The fact that your matrix has a particular sparsity pattern, i.e., is tridiagonal has not been used at all. It will allow you to greatly reduce the cost of computing $v$ and applying the symmetric update.
Let
$$ L(i,j) = \begin{cases} 1 &,& i=j \\ l_{ij} &,& j<i \\ 0 \end{cases} $$
and $$ D(i,j) = \begin{cases} d_{i} &,& i=j \\ 0 \end{cases} $$
Thus $$ L^t(i,j) = L(j,i) = \begin{cases} 1 &,& i=j \\ l_{ij} &,& i<j \\ 0 \end{cases} $$
Hence $$ (LD)(i,j) = \begin{cases} d_j &,& i=j \\ d_jl_{ij} &,& j<i \\ 0 \end{cases} $$ So finnaly $$ (LDL^t)(i,j) = \begin{cases} d_i + \sum\limits_{k=1}^{j-1} d_k l_{ik}^2 &,& i=j \\ d_j l_{ij} + \sum\limits_{k=1}^{j-1} d_k l_{ik} l_{jk} &,& i < j \\ (LDL^t)(j,i) &,& j < i \end{cases} $$
As we want to make $A = LDL^t$ we equate elements and solve row by row or column by column starting by the diagonal element since both $A$ and $LDL^t$ are symmetric.
Illustratively, going row by row, in the first row we have $$ a_{1,1} = d_1 $$ $$ a_{1,2} = d_1 l_{2,1} \implies l_{2,1} = \frac{a_{1,2}}{d_1} $$ $$ 0 = a_{1,3} = d_1 l_{3,1} \implies l_{3,1} = 0 $$ and inductively $l_{i,1} = 0$ for $i > 2$.
Similarly for the second row we have $$ a_{2,2} = d_2 + d_1 l_{2,1}^2 \implies a_{2,2} - d_1 l_{2,1}^2 = d_2 $$ $$ a_{2,3} = d_1 l_{2,1} l_{3,1} + d_2 l_{3,2} \implies l_{3,2} = \frac{a_{2,3}}{d_2} $$ $$ 0 = a_{2,4} = d_1 l_{2,1} l_{4,1} + d_2 l_{4,2} \implies l_{4,2} = 0 $$ and inductively $l_{i,2} = 0$ for $i > 3$. And so on...
Because $A$ is positive-definite, it follows that $a_{ii} > 0$ and therefore we will not have branch decision problems involving zeros in the algorithm.
Now you need to work by yourself a few simple examples to grasp the algorithm.

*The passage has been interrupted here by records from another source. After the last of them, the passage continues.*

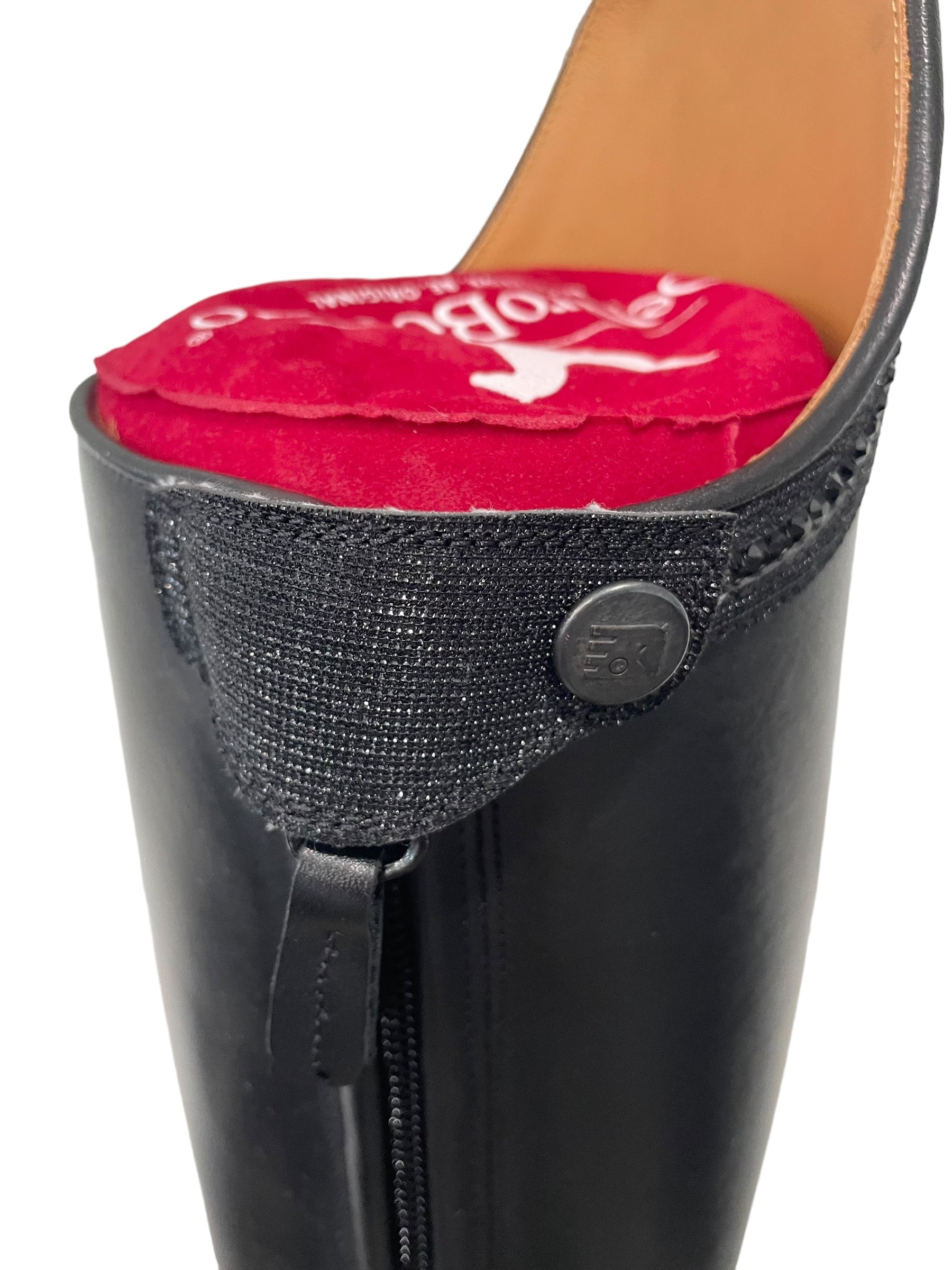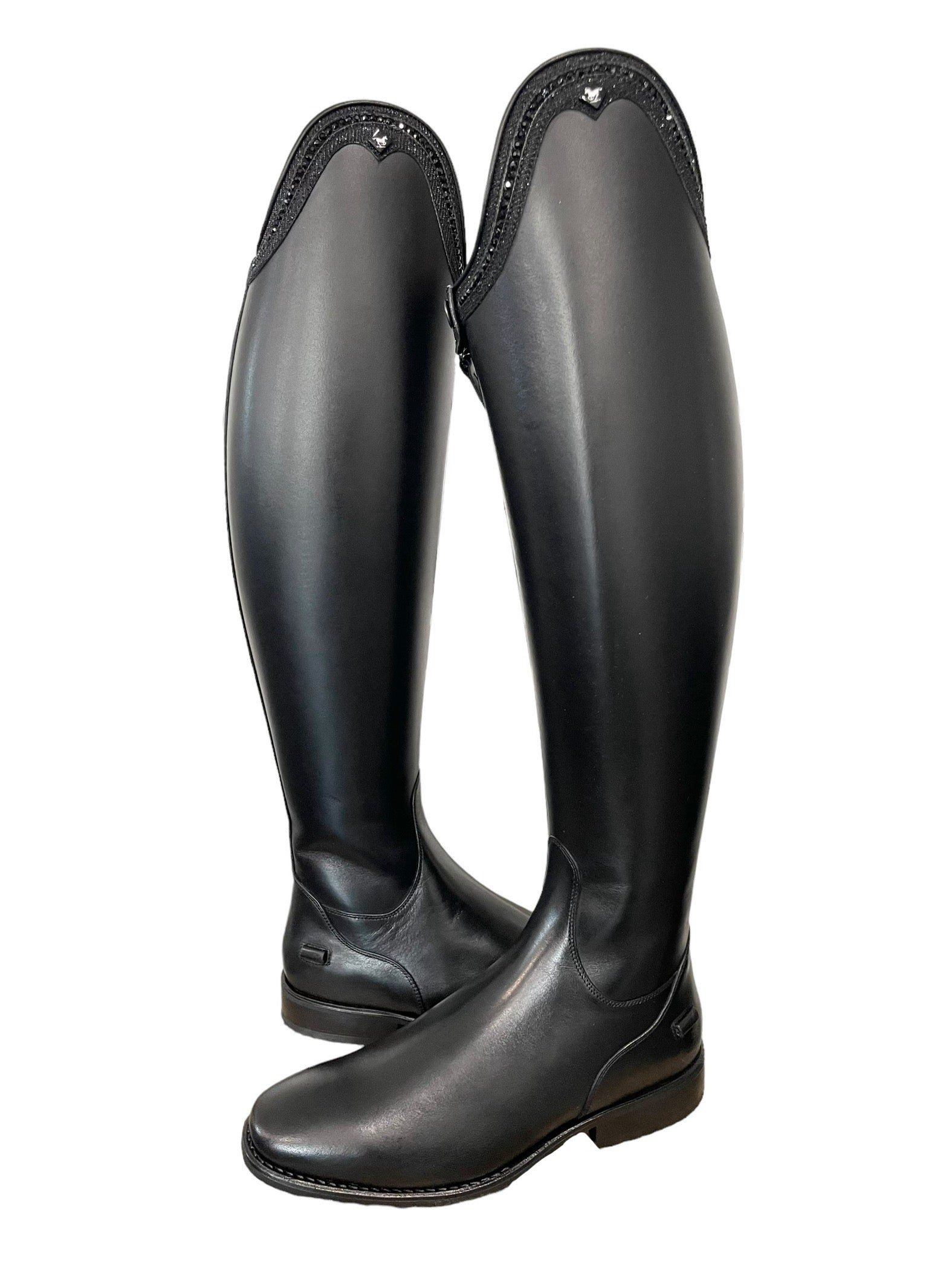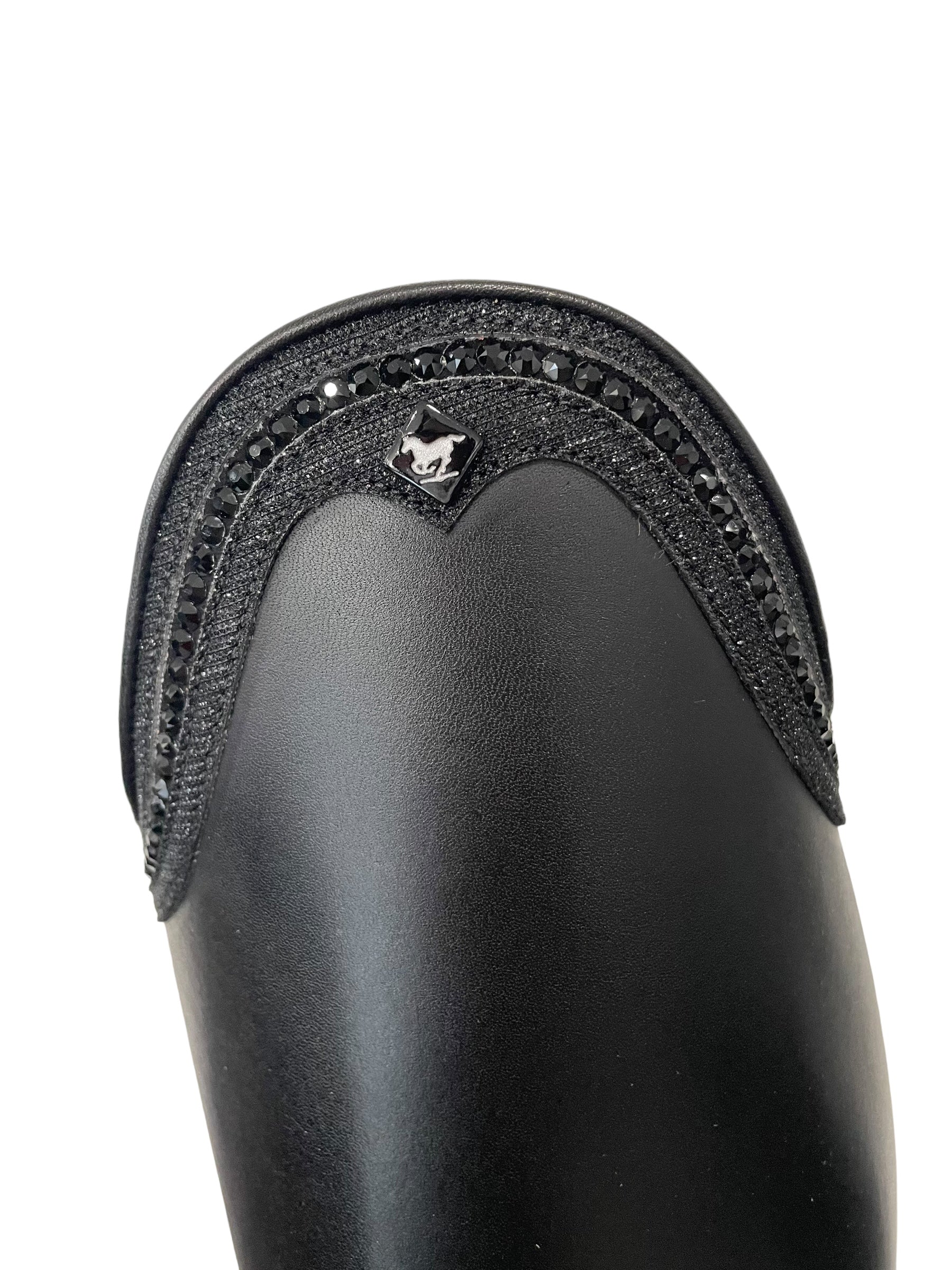 Description: WRAT black base and spur rests, G9 Rondine top in iride black with jet black Swarovski crystals, iride black zip protector, black logo, and black outsole.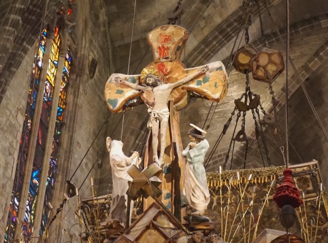 Der Tod am Kreuz war qualvoll. Das Gottes Sohn auf diese Weise gestorben ist, zeigt, dass er die Schmerzen und Qualen ausgestanden hat, die auch wir/die Menschen aushalten müssen. Gott ist im Sterben den Menschen ganz nahe. Jesus starb, so sagt es die Bibel "um die neunte Stunde". Das entspricht 15.00 Uhr, viele Gottesdienste finden daher um diese Zeit statt. Die Orgel und die Glocken schweigen, der Altar ist leer.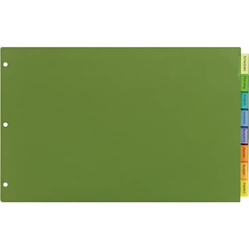 Durable plastic dividers are ideal for frequently referenced, tabloid-size documents that need organizing with tabs in assorted colors. Each set includes eight dividers with insertable tabs in assorted positions for easy referencing. Tab inserts won’t fall out. Special tab design secures inserts, making it easy to insert and remove tab titles. Print the inserts using an inkjet or laser printer. Big tabs and inserts provide 50 percent more printing space for tab titles than traditional, insertable tab dividers. Dividers are three-hole punched for use in binders. Free, easy-to-use templates for Microsoft Word and other popular software programs are available online.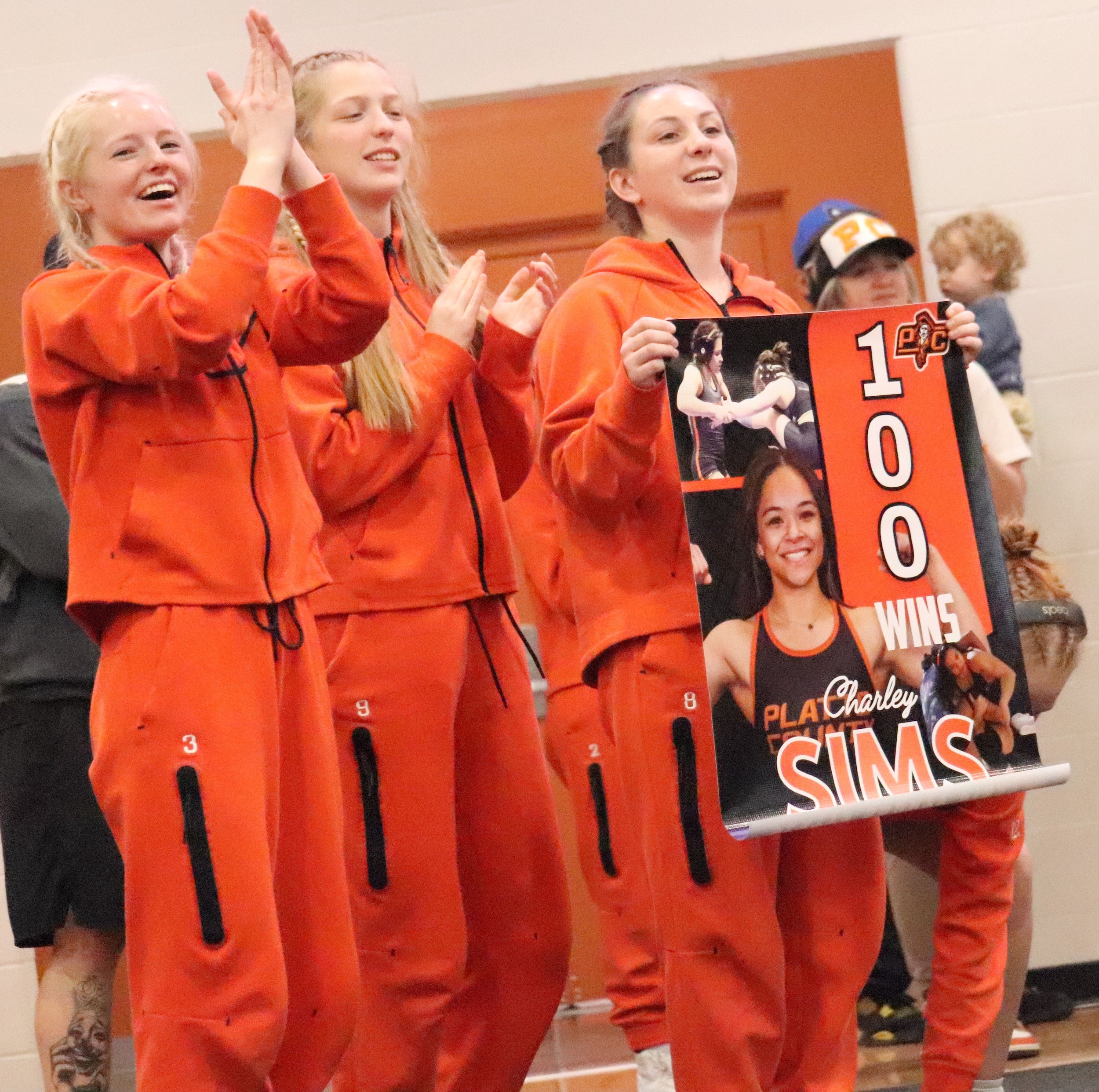 Platte County wrestlers celebrate Charley Sims’ 100th win after her district championship.
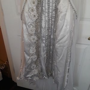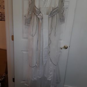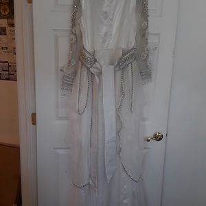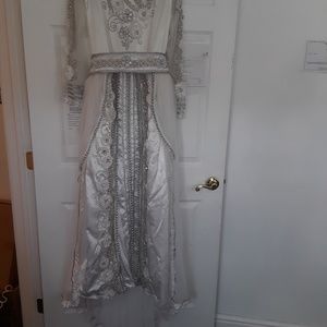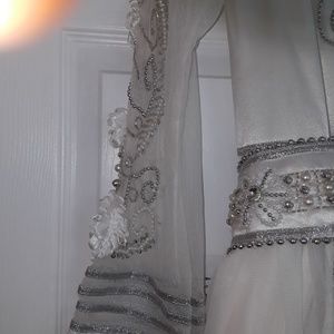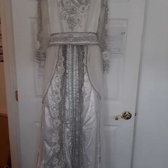 Custom made from Dubai. White caftan gown with white and silver beads, sheer beaded sleeves and beaded sheer train. Bought for my wedding but never worn.
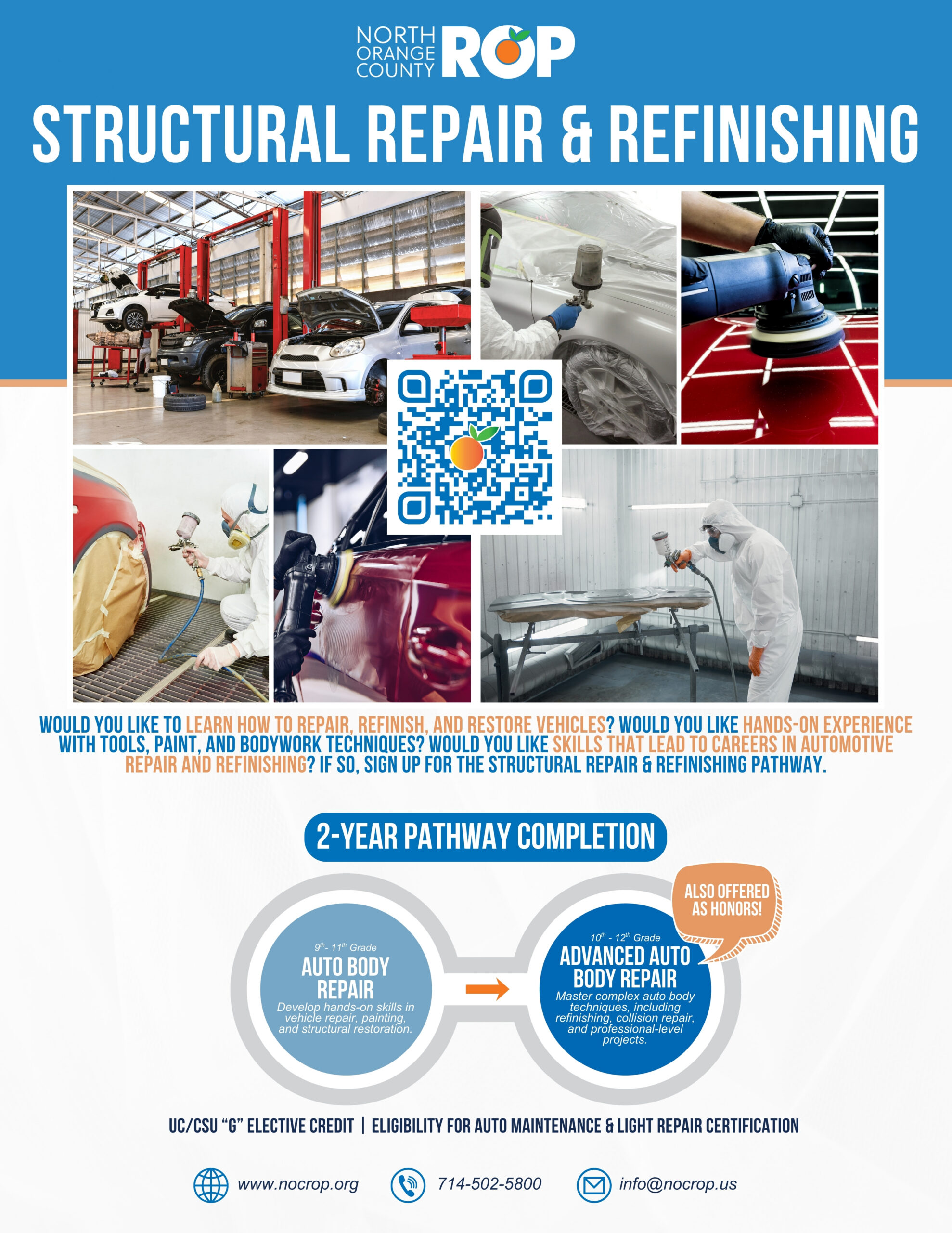 The Structural Repair and Refinishing pathway prepares students for careers in automotive collision repair by focusing on restoring vehicles to safe, functional, and professional standards after damage. Students learn how vehicle structures are designed and how repairs are performed to meet industry and safety requirements.
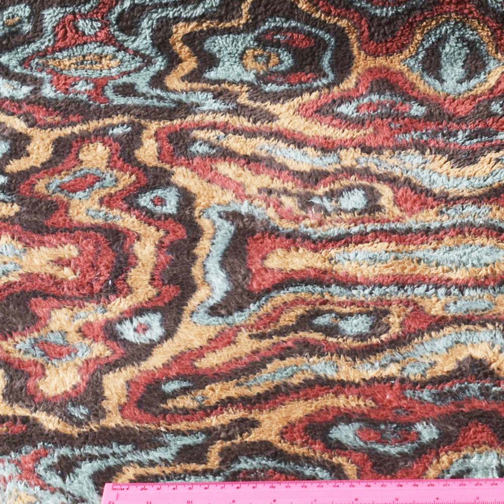 Велсофт-мех двухсторонний орнамент терракотово-зеленый, раппорт 60см, ш.180 купить в розницу и оптом
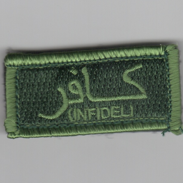 This is the subdued green version of the Flight Suit Sleeve “”””Infidel”””” patch. This patch comes with velcro attached.
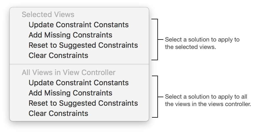The screenshot below shows an example of a solution popover for an Auto Layout error. The only choices are to apply the suggested solution or to cancel the fix.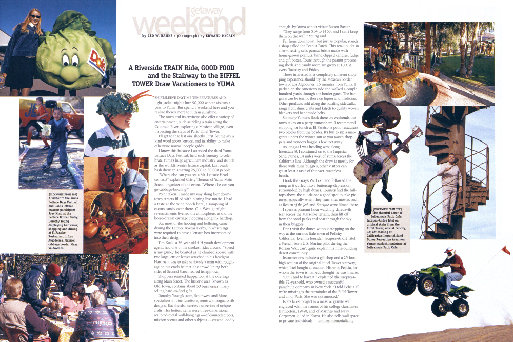 SHIRTSLEEVE DAYTIME TEMPERATURES AND light-jacket-nights lure 90,000 winter visitors a year to Yuma. But spend a weekend here and you realize there's more to it than sunshine. The town and its environs also offer a variety of entertainment, such as riding a train along the Colorado River, exploring a Mexican village, even inspecting the steps of Paris' Eiffel Tower. I'll get to that last one shortly. First, let me say a kind word about lettuce, and its ability to make otherwise normal people giddy. I know this because I attended the third Yuma Lettuce Days Festival, held each January to celebrate Yuma's huge agriculture industry, and its title as the world's winter lettuce capital. Last year's bash drew an amazing 25,000 to 30,000 people. "Where else can you see a Mr. Lettuce Head contest?" explained Cristy Thomas of Yuma Main Street, organizer of the event. "Where else can you go cabbage-bowling?" Point taken. I made my way along four downtown streets filled with blaring live music. I had a taste at the wine booth here, a sampling of cactus candy over there. Old West gunfight re-enactments livened the atmosphere, as did the horse-drawn carriage clopping along the hardtop. But most of the hooting and hollering came during the Lettuce Boxcar Derby, in which rigs were required to have a lettuce box incorporated into their design. Tim Kock, a 36-year-old 4-H youth development agent, had one of the sleekest rides around. "Speed is my game," he boasted as he climbed aboard with two large lettuce leaves attached to his headgear. Hard as it was to take seriously a man with roughaverage on his crash helmet, the crowd lining both sides of Second Street roared its approval. Shoppers seemed happy, too, at the offerings along Main Street. The historic area, known as Old Town, contains about 50 businesses, many selling hard-to-find gifts. Dorothy Young's store, Southwest and More, specializes in pine furniture, some with saguaro rib designs. But she also carries a selection of unique crafts. Her hottest items were three-dimensional sculpted-metal wall-hangingsof connected pots, mission scenes and other subjects-created, oddly enough, by Yuma winter visitor Robert Baxter. “They range from $14 to $165, and I can't keep them on the wall,” Young said.

Let me know if you get stuck.
Furthermore, notice that $LDL^t$ is always symmetric positive-semi-definite and so we require $A$ to be symmetric positive-definite for if $LDL^t$ is symmetric positive-definite then both $L$ and $D$ are invertible, that is, the decomposition will be unique.